General characteristics
- Class & type: LST-491-class tank landing ship
- Displacement: 1,625 long tons (1,651 t) (light); 4,080 long tons (4,145 t) (full (seagoing draft with 1,675 short tons (1,520 t) load); 2,366 long tons (2,404 t) (beaching);
- Length: 328 ft (100 m) oa
- Beam: 50 ft (15 m)
- Draft: Unloaded: 2 ft 4 in (0.71 m) forward; 7 ft 6 in (2.29 m) aft; Full load: 8 ft 3 in (2.51 m) forward; 14 ft 1 in (4.29 m) aft; Landing with 500 short tons (450 t) load: 3 ft 11 in (1.19 m) forward; 9 ft 10 in (3.00 m) aft;
- Installed power: 2 × 900 hp (670 kW) Electro-Motive Diesel 12-567A diesel engines; 1,700 shp (1,300 kW);
- Propulsion: 1 × Falk main reduction gears; 2 × Propellers;
- Speed: 12 kn (22 km/h; 14 mph)
- Range: 24,000 nmi (44,000 km; 28,000 mi) at 9 kn (17 km/h; 10 mph) while displacing 3,960 long tons (4,024 t)
- Boats & landing craft carried: 6 x LCVPs
- Capacity: 1,600–1,900 short tons (3,200,000–3,800,000 lb; 1,500,000–1,700,000 kg) cargo depending on mission
- Troops: 16 officers, 147 enlisted men
- Complement: 13 officers, 104 enlisted men
- Armament: Varied, ultimate armament; 2 × twin 40 mm (1.57 in) Bofors guns ; 4 × single 40 mm Bofors guns; 12 × 20 mm (0.79 in) Oerlikon cannons;

= USS LST-503 =

LST-491-class landing ship tank

USS LST-503 was a in the United States Navy during World War II. She was transferred to the Republic of China Navy as ROCS Chung Kuang (LST-216).

== Construction and career ==
LST-503 was laid down on 29 July 1943 at Missouri Valley Bridge and Iron Company, Evansville, Indiana.
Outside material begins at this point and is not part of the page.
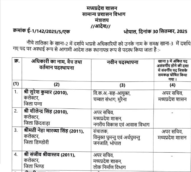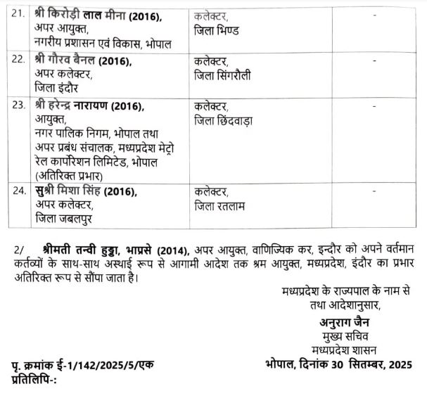 मोहन सरकार का बड़ा फैसला: 24 IAS अधिकारियों की जिम्मेदारियां बदलीं, 10 जिलों में नई तैनाती
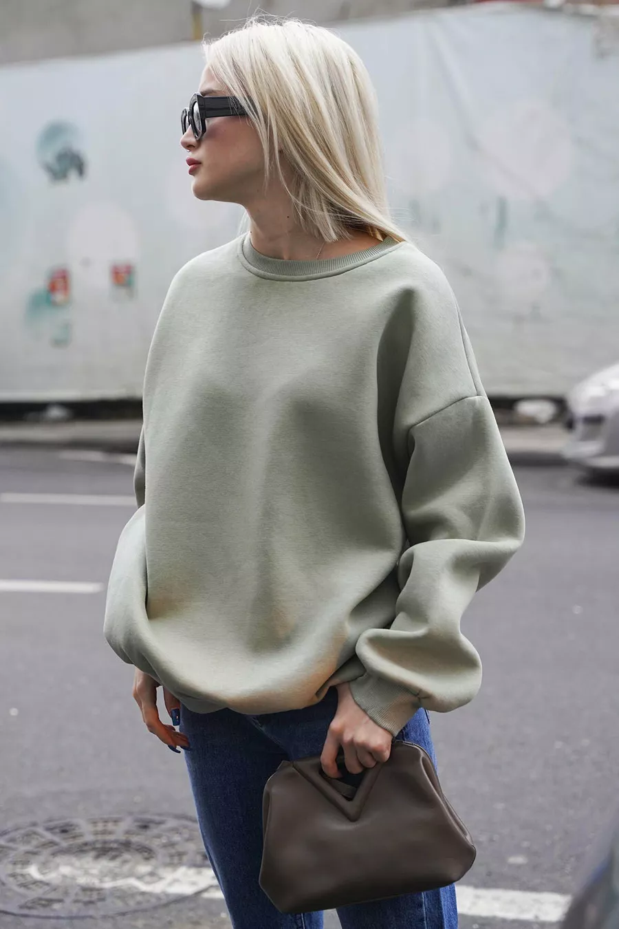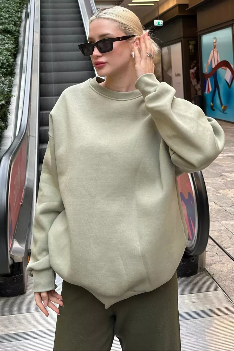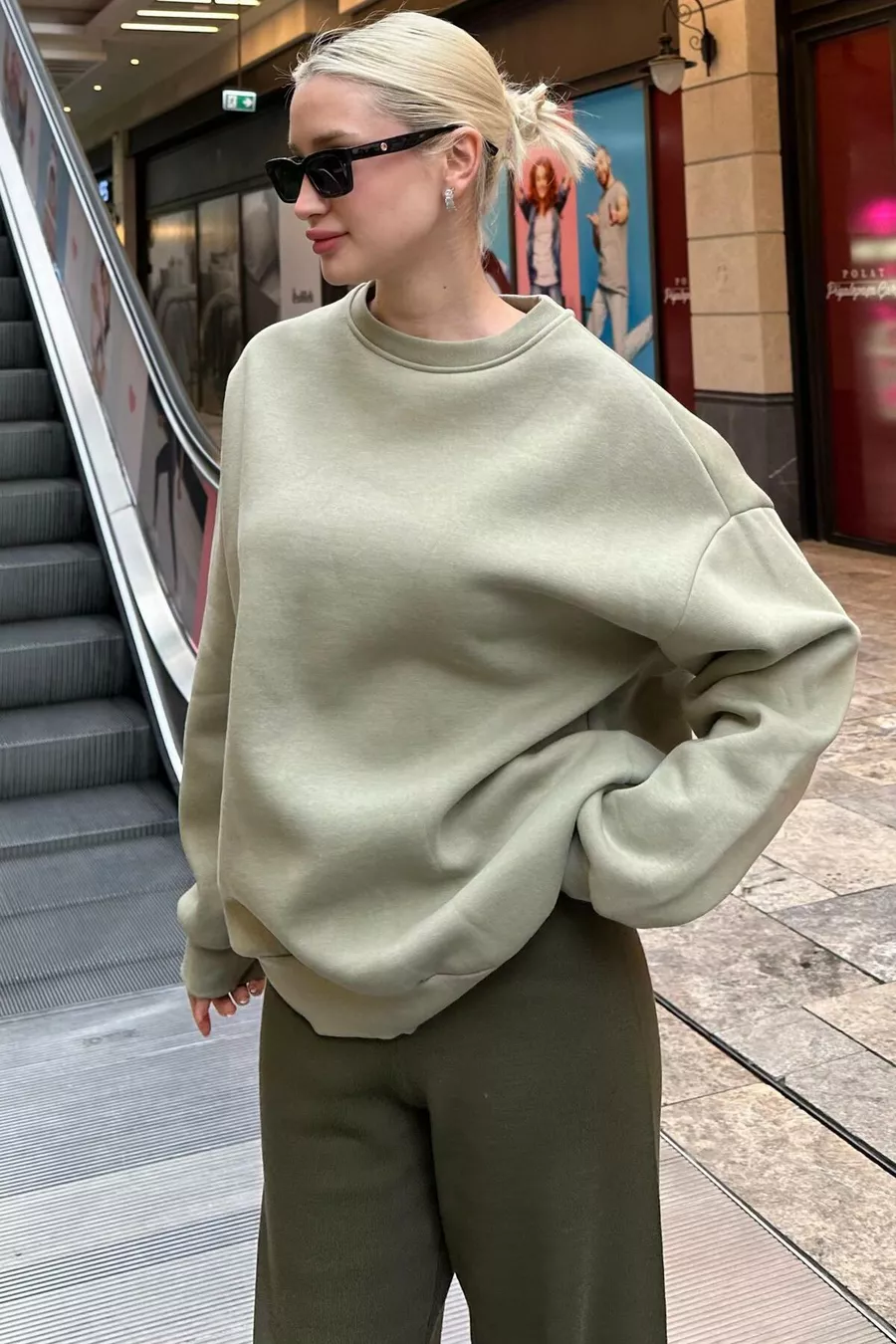Mint Yeşili Bisiklet Yaka Basic Sweatshirt

Launched on 8 October 1943 and commissioned on 8 December 1943.

=== Service in the United States Navy ===
During World War II, LST-503 was assigned to the European theater. She then participated in the Invasion of Normandy from 6 to 25 June 1944.

She was decommissioned on 11 June 1946 and laid up in the Atlantic Reserve Fleet, Green Cove Springs, Florida.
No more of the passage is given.